Der Mensch tritt nur nach draußen, wenn er muss, wenn er also an irgendeinem Ort körperlich anwesend sein muss, um etwas durchzuführen, das sich nicht online erledigen lässt, von zuhause aus. Das Äußere ist in erster Linie Transitraum – man durcheilt es, um nach Hause zu kommen, oder zumindest in die zweitklassige Innerlichkeit eines Cafes oder Beisls. Da die Außenwelt vor allem als Transitraum genutzt wird, wird sie auch als solcher gestaltet, und da sie als solcher gestaltet wird, wird sie auch als solcher genutzt, allem Gerede von wegen „Aufenthaltsqualität“ zum Trotz.
Und jenen, die diesen Transitraum durchqueren müssen, wird mithilfe der Technik der Außenraum zum Innenraum: sei es in milder Form bei Fußgängern, die mithilfe des iPods die Außenwelt wenigstens nicht zu hören brauchen, oder bei den Fahrern jener trendigen Stadt-Geländewagen-Panzer, die die Außenwelt nicht zu hören und auch nicht zu fühlen, und auch nur kaum zu sehen brauchen. Und da man am Kühler eines SUV wie eine Fliege zerklatschen kann, ist die Außenwelt nicht nur unangenehm, sondern obendrein auch noch lebensgefährlich; wer sich selbst oder gar seine Kinder solchen Gefahren aussetzt, handelt grob fahrlässig, und sollte lieber fahren. Und so bleibt nur, zwischen den Innerlichkeiten von Wohnung, Auto, Büro und Fitnesszentrum zu pendeln, und durch getönte Scheiben auf jene wenigen Verrückten zu glotzen, die in lebensfeindlicher, verdreckter, und obendrein nicht-klimatisierter, vielleicht zu kalter oder vielleicht zu heißer Luft stehen und zu warten scheinen, ohne selbst zu wissen, worauf - - -

Wer schon wider Willen immer wieder körperlich nach draußen muss kann sich durch einen geistigen Rückzug helfen. Auch wenn die Sinnesorgane mit neuen Eindrücken belästigt werden, kann das Gehirn die Aufnahme verweigern, und stattdessen dumpf durch den Tag treiben. Wer sich die innere Ruhe bewahren will, muss rechtzeitig den nötigen Willen zur geistigen Abstumpfung aufbringen, um auf der Straße, in der Straßenbahn, im Supermarkt nicht durch die Verhältnisse und die Unglücke anderer irritiert zu werden.
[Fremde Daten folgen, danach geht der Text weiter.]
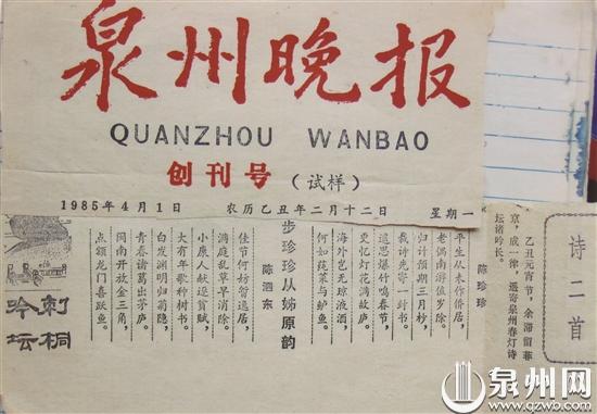 陈珍珍先生发表在《泉州晚报》创刊号(试样)上的诗词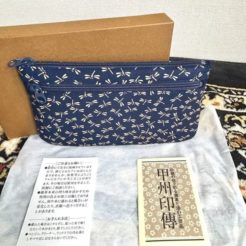 [ 코슈인덴 ] 미사용 새상품 잠자리 패턴 지갑 파우치 네이비 컬러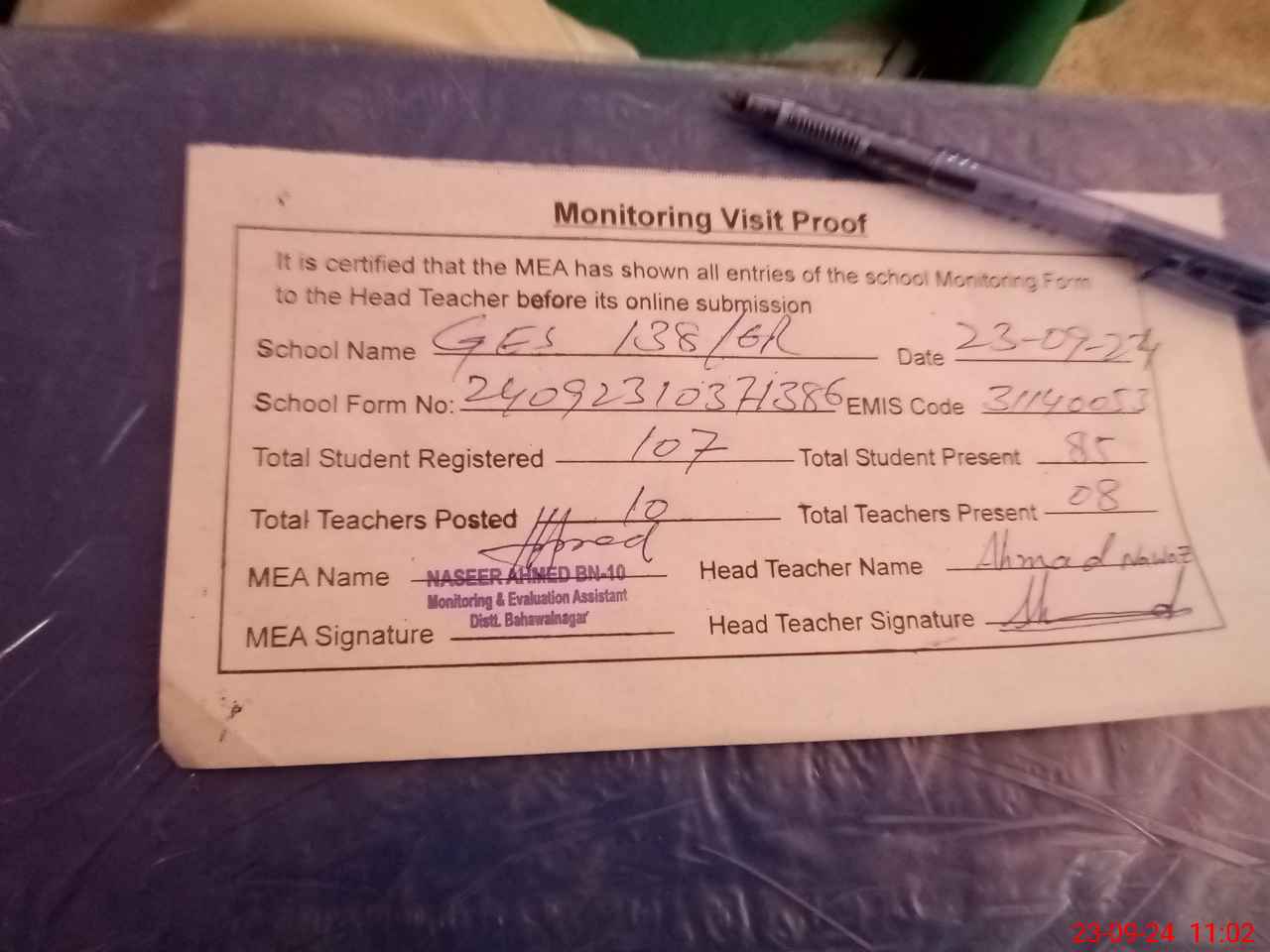 | Attendance Register | Head Teacher | MEA with School | Visit Proof |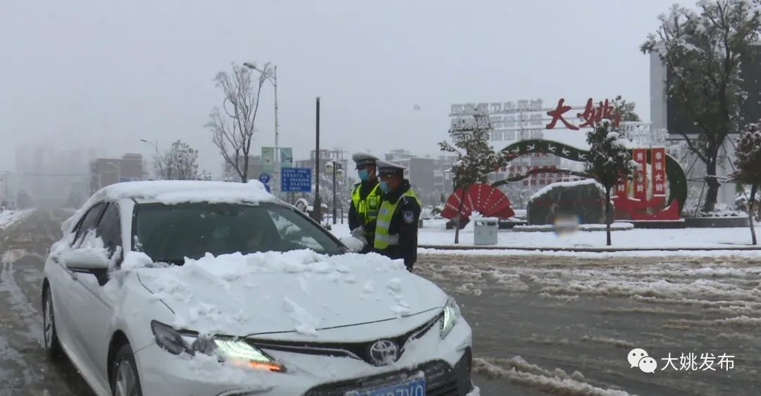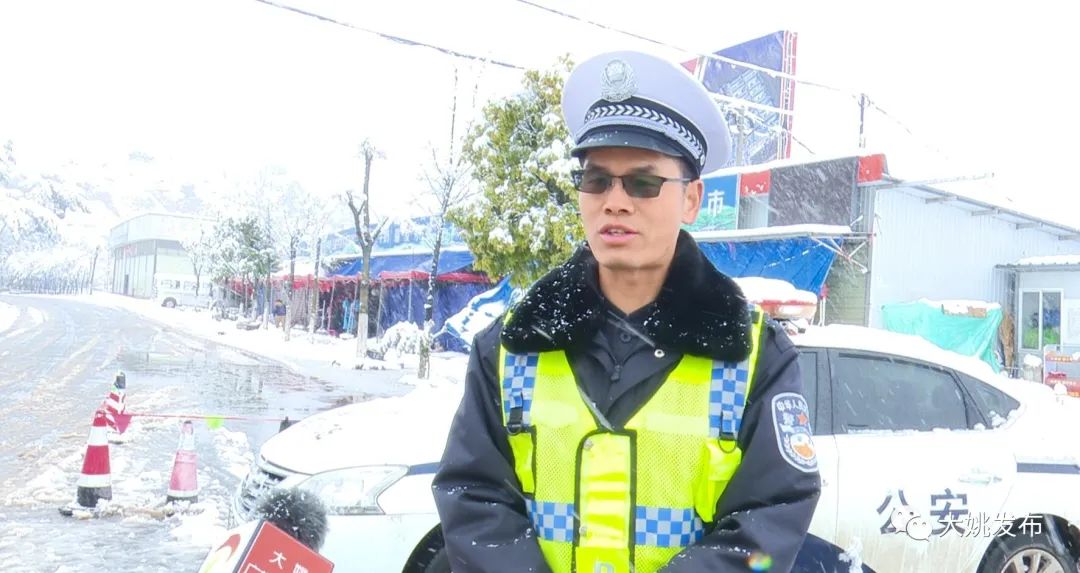 大姚县交警大队大队长王庭康说:“针对昨天和今天出现的降雪极端天气,我们立即采取了一些紧急措施,首先是向全县收集道路情况,向社会发布路况信息,提醒广大交通参与者注意出行安全,非必要不出行,另外我们交警大队的全体民警、辅警上路排查道路隐患,同时对不具备通行条件的道路实行管控,劝返一些驾驶员非必要不出行。”

Und wenn es sich manchmal nicht vermeiden lässt, die Innerlichkeit von der eigenen Person auf eine größere Gruppe zu übertragen, wie es in Staatsgebilden nötig ist, dann wird auch dort ein Inneres konstruiert, in dem man sich einkuschelt, und aus dem heraus man dann, unter „mir san mir“-Rufen, mit dem Finger auf alle zeigt, die draußen und „anders“ sind.
In einem Land, das von einer Zeitung regiert wird, die das Prinzip der Innerlichkeit perfekt verinnerlicht hat, und die ihre Leser Tag für Tag versichert, im Inneren zu sein, und ihnen immer nur das vorsetzt, was sie an Meinungen und Vorurteilen bereits in sich hatten, darf man sich nicht wundern, dass ständig neue Mauern ums Innere gezogen werden, um ein Äußeres abzuwehren, von dem man nichts weiß und nichts wissen will.

Um versöhnlich zu enden: was soll man tun? Zunächst: draußen sein. Interagieren. Sich auseinandersetzen. In der Öffentlichkeit sein. Den öffentlichen Raum benutzen und besetzen. Außenräume davor bewahren, zu Innenräumen zu werden. Und jenen, die die Außenwelt nur von innen kennen, zeigen, wie sie ist: riesig groß, aufregend, spannend, extrem interessant. Und das Beste: man kann sie verändern.